Reproducibility & Code¶

Philosophy¶

This Python port was written to be:

transparent – every step is in a plain Python script,
reproducible – Snakemake encodes the full dependency graph,
extensible – you can plug in new models, new datasets, or new constructs without rewriting everything.

Environments¶

You can reproduce the full analysis using:

uv or pip with requirements.txt,
Python 3.9–3.11.

All versions are pinned in pyproject.toml / requirements.txt.

Workflow (Snakemake)¶

The core analysis is orchestrated by the Snakefile:

snakemake -j 4
runs the full pipeline and generates:
- intermediate parameter tables in parameters/,
- diagnostic plots in plots/,
- final integrated report in report/.

The rules:

encode dependencies between steps (1–7),
enforce that later steps only run once earlier parameters are available,
clean up intermediate directories automatically if configured that way.

You can visualise the DAG with:

snakemake --dag | dot -Tpdf > dag.pdf

Determinism¶

The pipeline is designed to be deterministic given the same inputs:

ODE integration uses scipy.integrate.solve_ivp with fixed settings,
optimisation uses scipy.optimize.curve_fit with explicit initial guesses,
plotting is scripted and does not involve random jitter.

Any remaining variability (e.g. due to local BLAS/OpenMP threading) should be minor and not affect qualitative conclusions.

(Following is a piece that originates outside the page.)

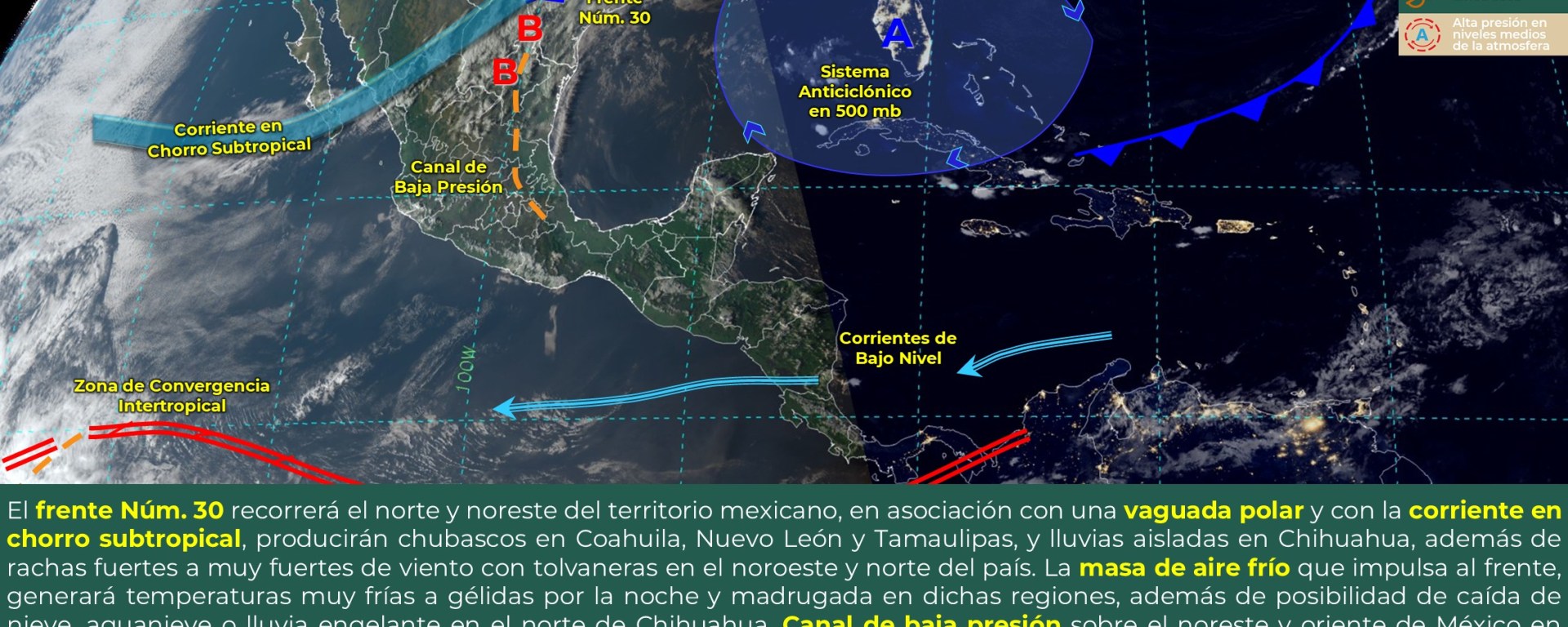 Evento de «Norte» con rachas de 60 a 70 km/h: Tamaulipas, Veracruz e Istmo y Golfo de Tehuantepec.
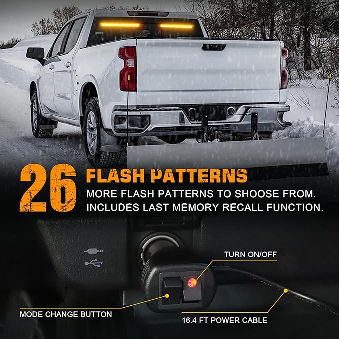 • 26 STROBE FLASH PATTERNS - 12V power, plug and play cigarette plug, convenient dual-switch design. One to turn on/off power supply, one to switch between 26 different flash modes . Including the last mode memory recall. These modes provide warnings for potential imminent dangers.

Validation vs original R workflow¶

To confirm that the Python port faithfully reproduces the original CasTuner analysis, the following was compared:

mCherry degradation rate α
Repression/derepression delays
Up- and down-regulation half-times
Hill parameters K and n, including their ordering across constructs
Representative Hill curves, time courses and ODE trajectories

Results:

parameter rankings and curve shapes match very closely,
absolute values differ modestly, consistent with:
- different ODE solvers (deSolve::lsoda vs solve_ivp),
- different non-linear optimisers and tolerance settings.

In short, the Python implementation captures the same biological trends and quantitative behaviour as the original R code, while being easier to integrate into modern Python-based analysis pipelines.

Extending the pipeline¶

You can:

add new steps as additional scripts + Snakemake rules,
plug in alternative models (e.g. multi-state chromatin models) by reusing:
- the data loading,
- gating,
- and plotting utilities already present.

The documentation for each step should give you enough context to do this without breaking the global narrative.